Thousands have been affected, afraid to leave their homes for food or water. Many have been killed by stray bullets. One week in July left 89 dead.
In October, Acting Haitian President Ariel Henry had to plead for the deployment of foreign troops to oppose the gangs and anti-government demonstrations.
Now Haiti is an “aid state,” almost totally dependent on foreign governments and institutions, and remittances from the diaspora. Its underdevelopment can be attributed to corruption and geopolitical manipulation.
The long-suffering, but resilient Haitians have been victims of centuries of corrupt dictatorial governments. The fortunate have fled Haiti, contributing to a debilitating brain drain.
The complicity of the colonists and successive French governments have been fundamental to Haiti’s demise, and the US’ neocolonialist role in enforcing debt repayments and the subsequent 19-year annexation of Haiti’s sovereignty is nothing short of diabolical.
Many believe that Haiti’s problems were ancestral and self-inflicted, but there is more to this story. The propensity of the US to prop up strongmen contributed over and over to the sad state of Haiti, but do not forget the opportunistic siphoning of aid by the very agencies that collected donations from around the world.

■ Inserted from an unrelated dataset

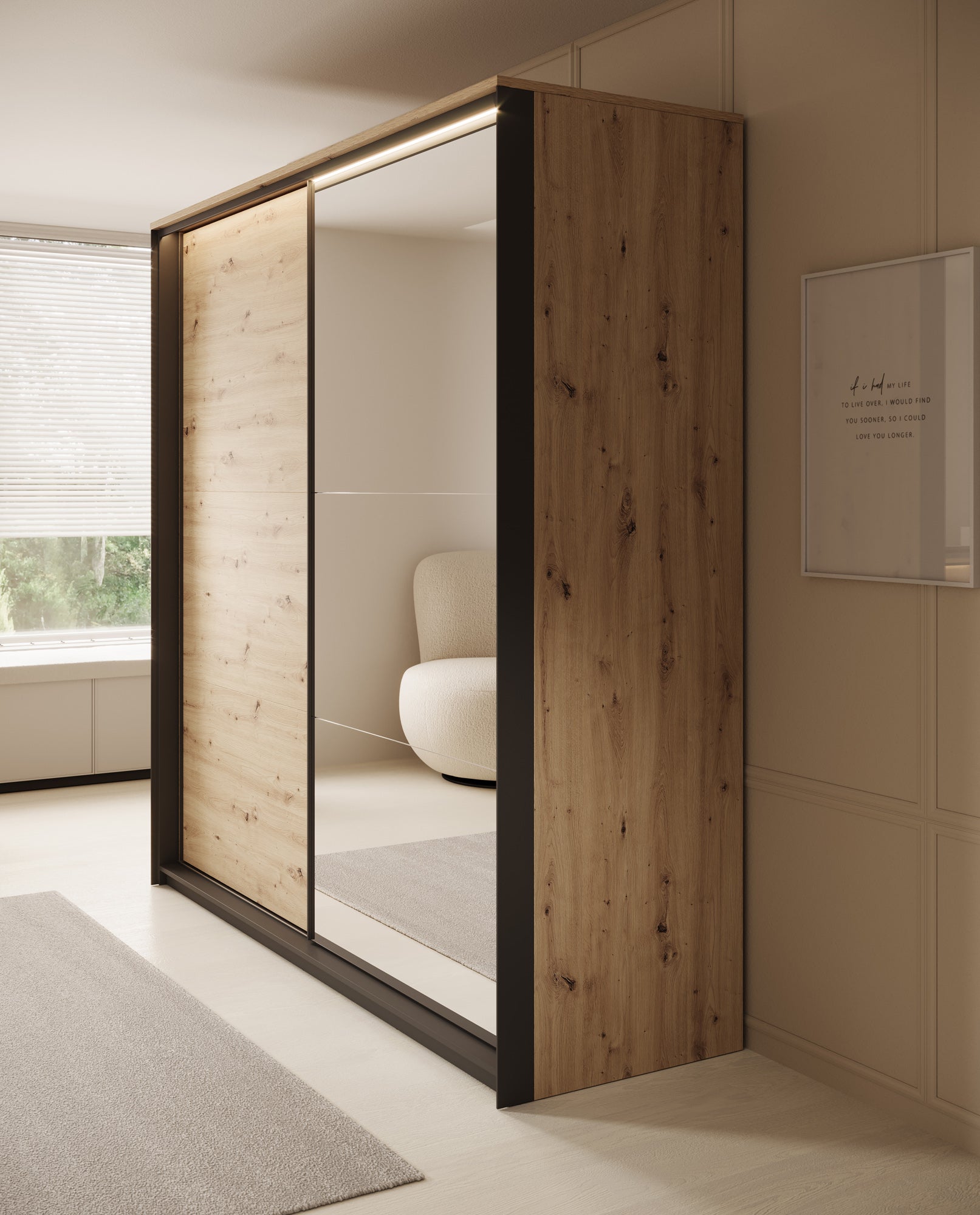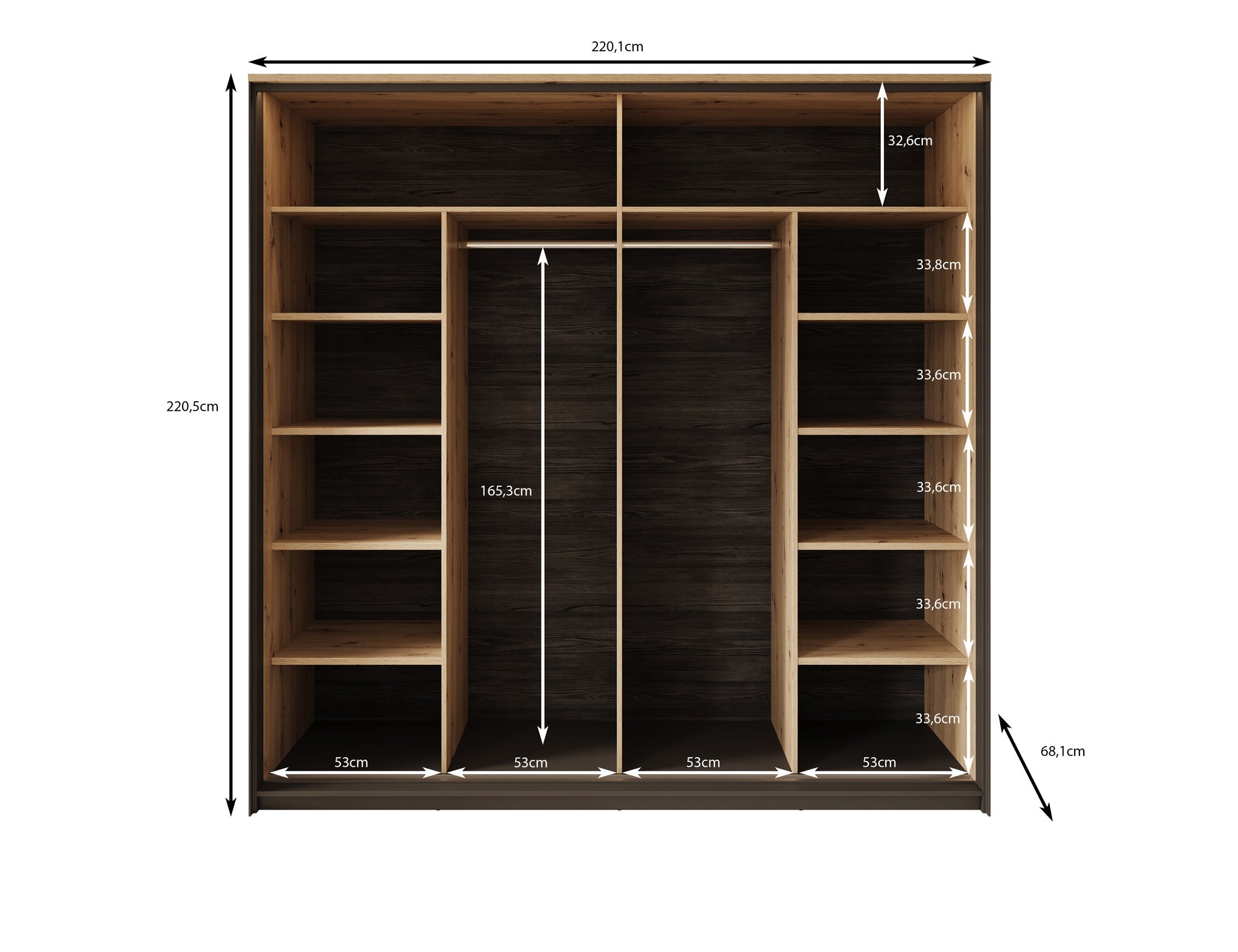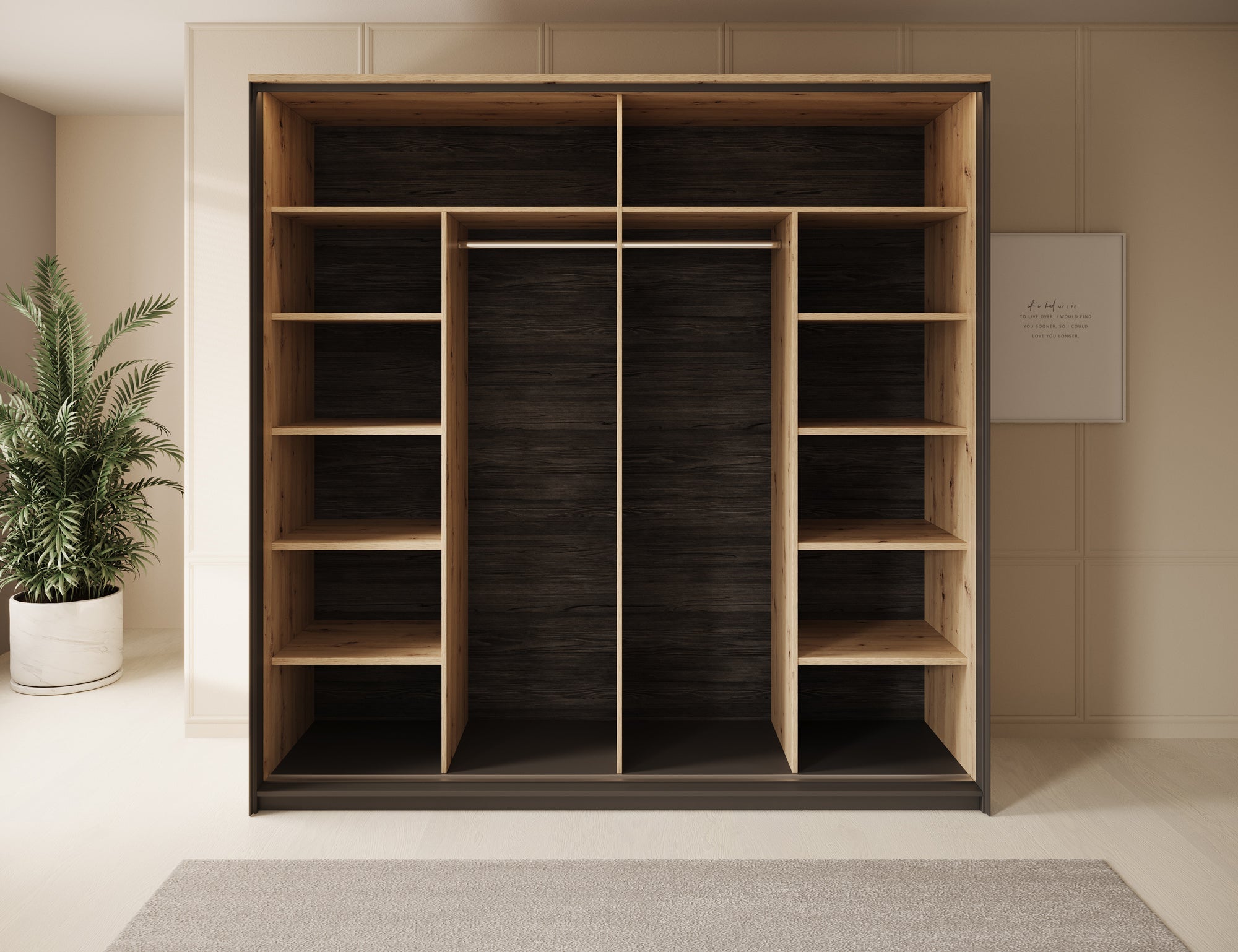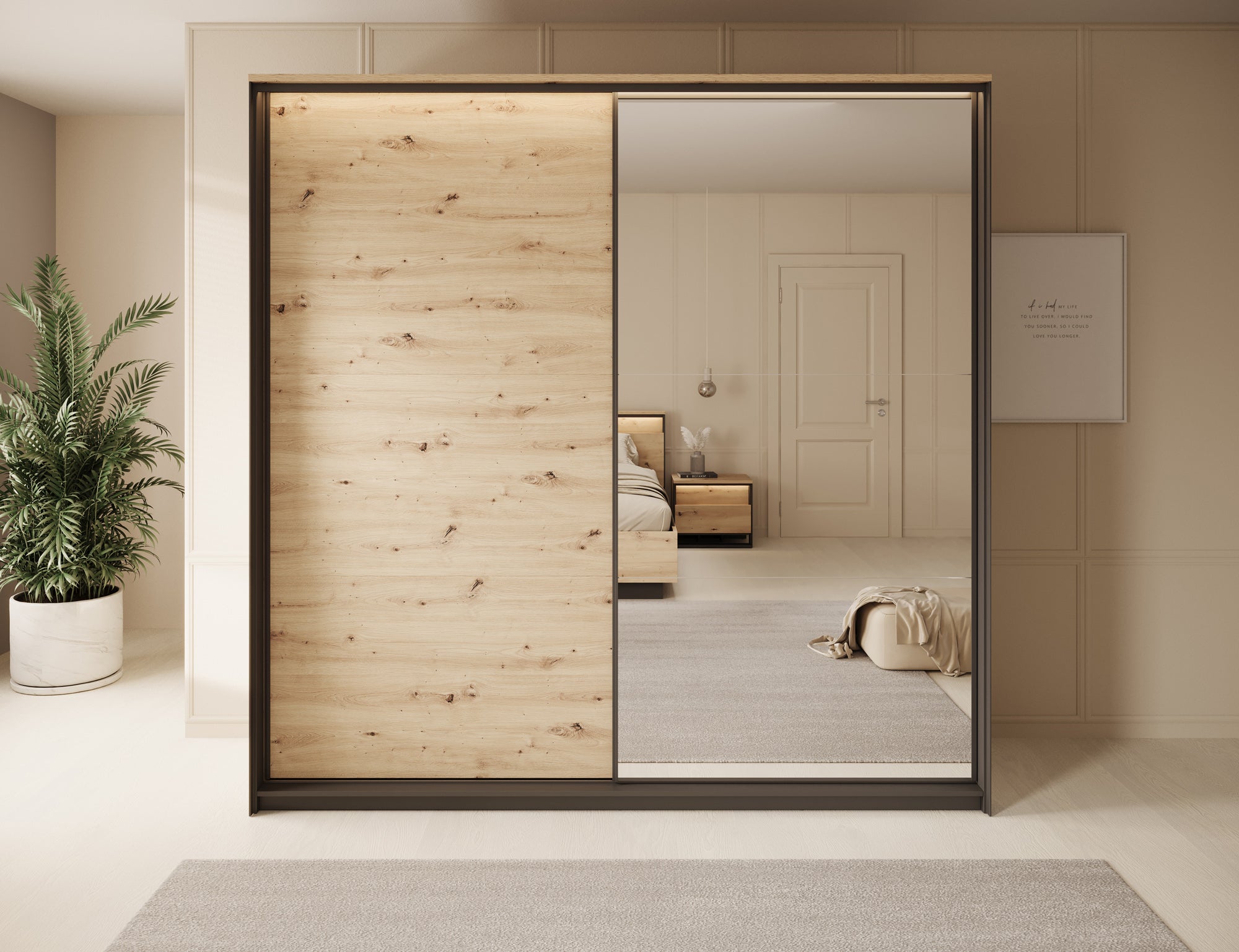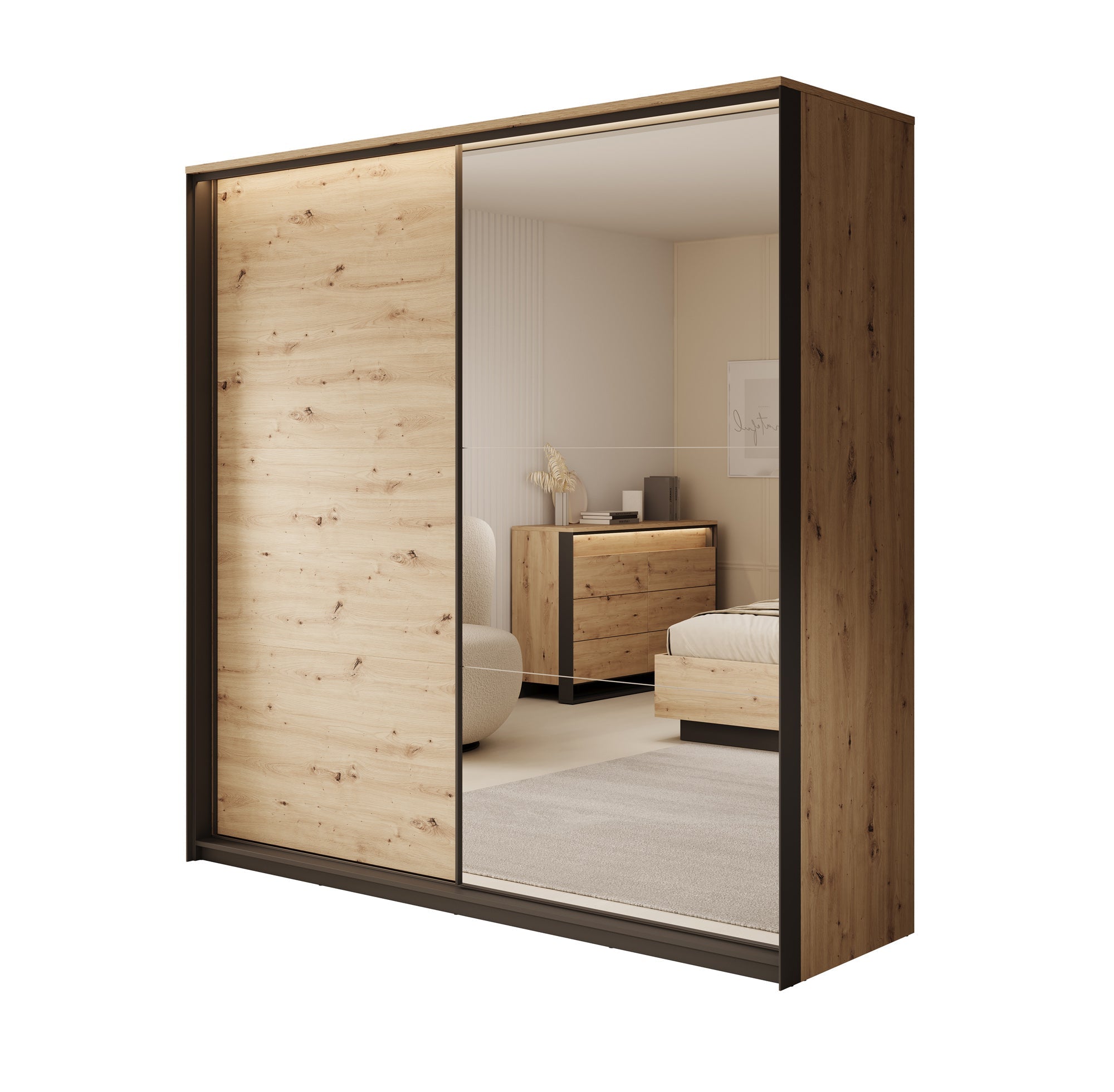Meubella - Kledingkast Quarry - Eiken - 220 cm - Met spiegel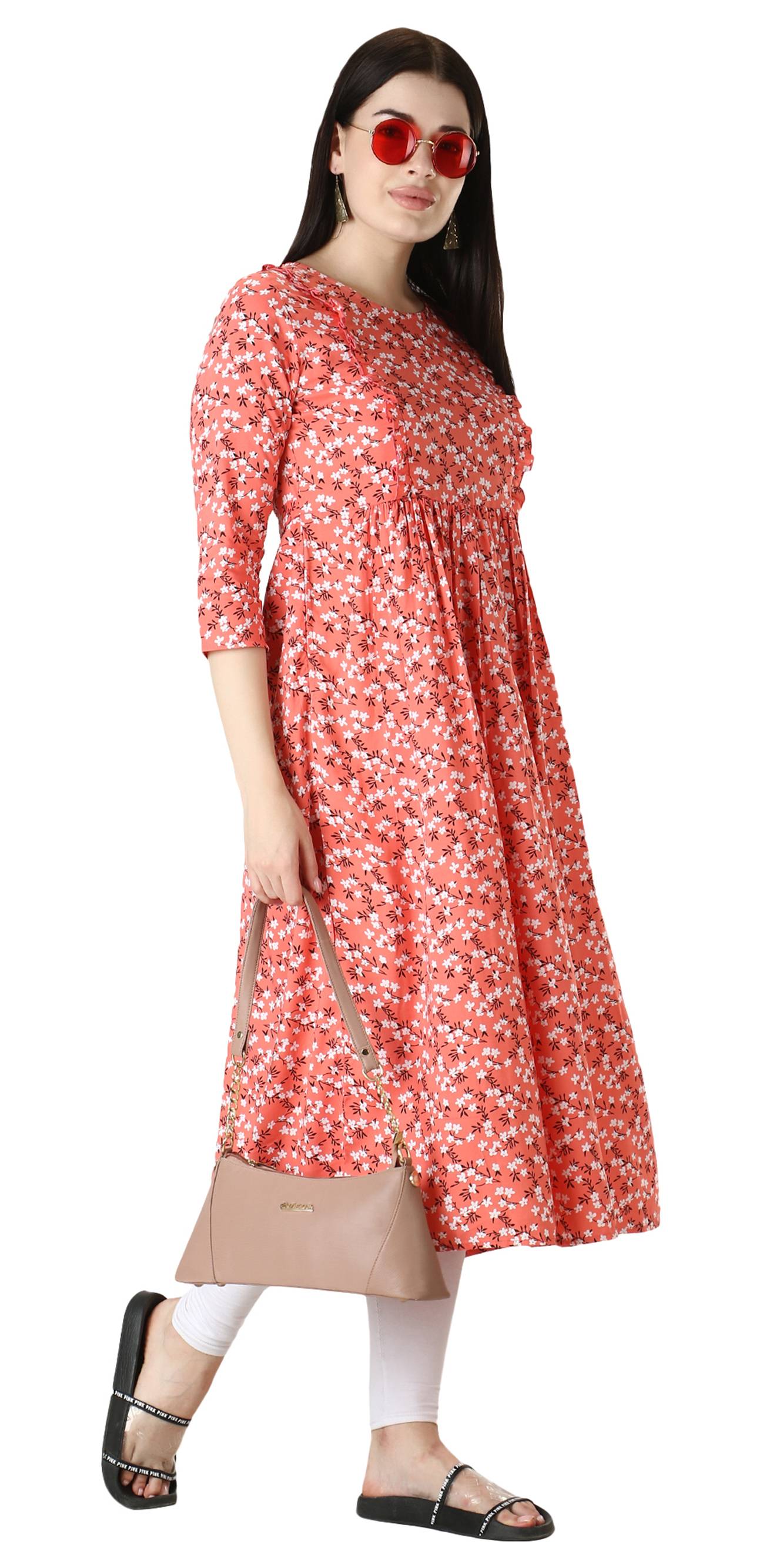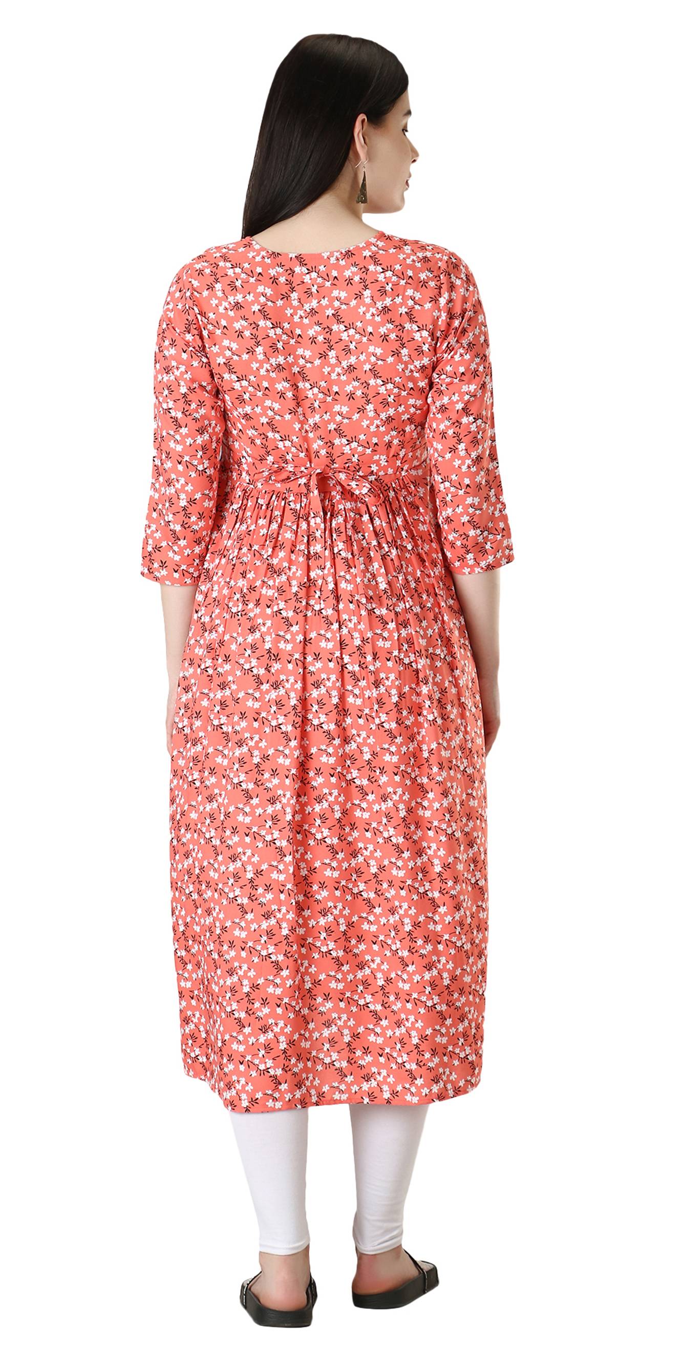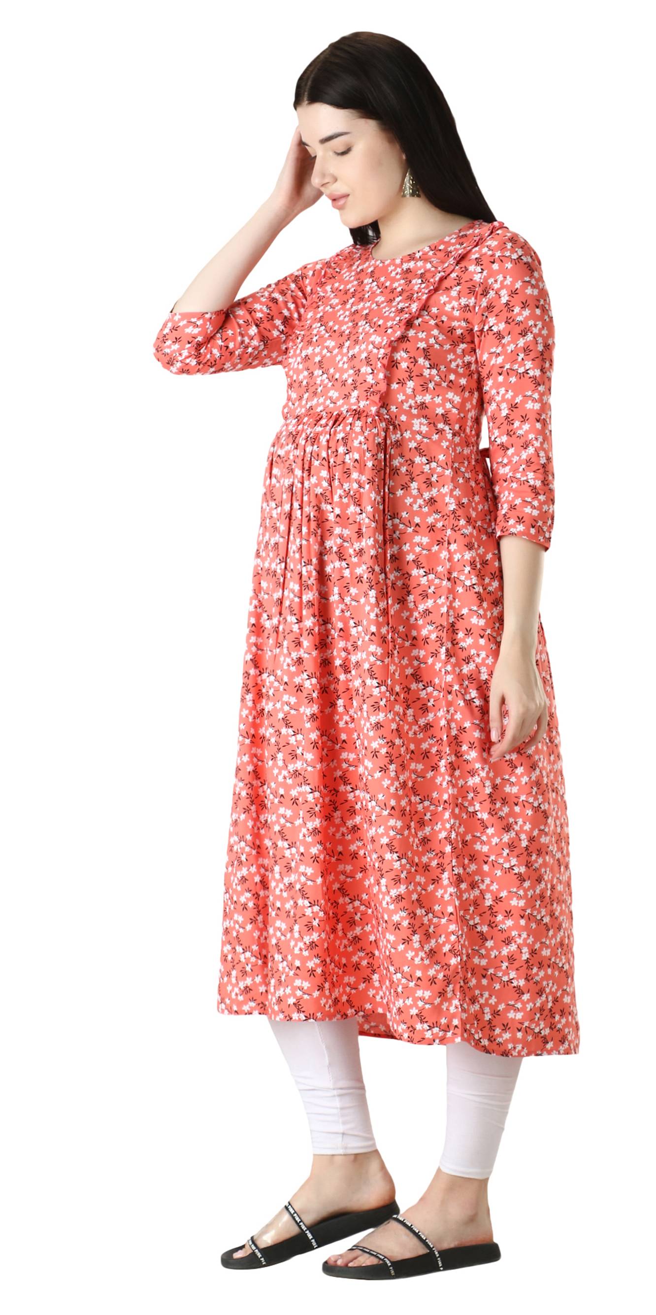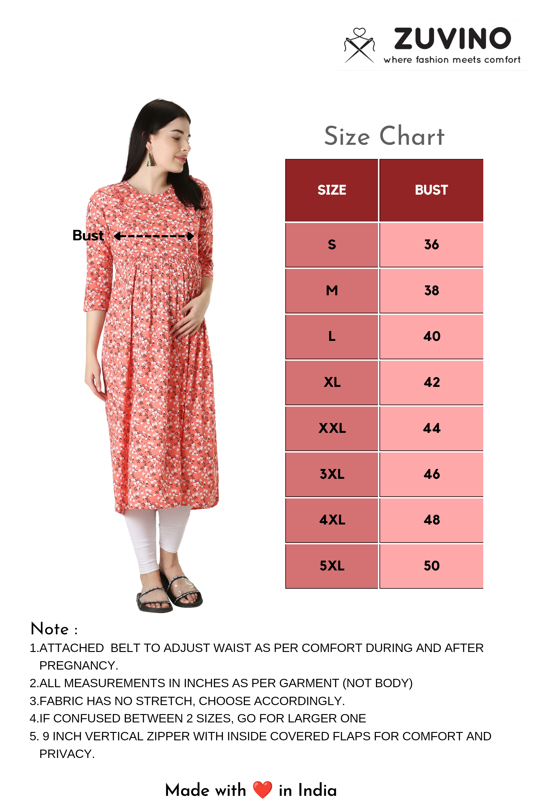 This maternity kurta for feeding is perfect outfit for mothers who are looking for comfortable yet stylish nursing dress for baby. It features easy to wear round neck, pleats around tummy area to hide baby bump in style. Belt is attached at waist to adjust fitting as per your own choice & comfort. This maternity dress features 9 inch concealed zippers on both sides for easy access in breast feeding, these are hidden under beautifully patterned frills, stitched on it with perfection. It can be used as daily wear, office wear or maternity gown dress for photo shoot also. Made up of super soft, breathable & non-transparent viscose rayon fabrics, this dress assures all day comfort, quality & value for money. This maternity kurti can be paired up with leggings or you can also carry this as a nursing dress easily. Use this anytime pre & post pregnancy duration as this can be styled as normal dress or kurti as well. We always put your comfort and satisfaction first; all our products are designed and crafted keeping you in mind.

What can be done to fix Haiti? The answer lies in forming a government of integrity and substance without allegiance to any gangs. Eradicating Port-au-Prince of the violence means severing existing ties between gangs, politicians and law enforcement. A robust anti-corruption unit with muscle, a reformed police service and legislative arm is fundamental. Aid must be conditional on showing intent to rebuild a modern nation from the ground up.
Yet above all, Haiti cannot be held to ransom by the US’ whims any longer.
In 2013, I traveled to another area of the island and swam in a sulfur spring in the ocean a few meters from shore. I ate the best seafood I have ever had, prepared by the warmest people I have ever met. For that moment this could have been any stable Caribbean island.
This is the Haiti we need to see, a Haiti where the people can finally prosper in peace.
As Rudder sang: “When there is anguish in Port-au-Prince it is still Africa crying ... the middle passage is gone so how come overcrowded boats still haunt our lives?”
Kenneth Mohammed is a freelance writer, Caribbean analyst and senior adviser at Intelligent Sanctuary.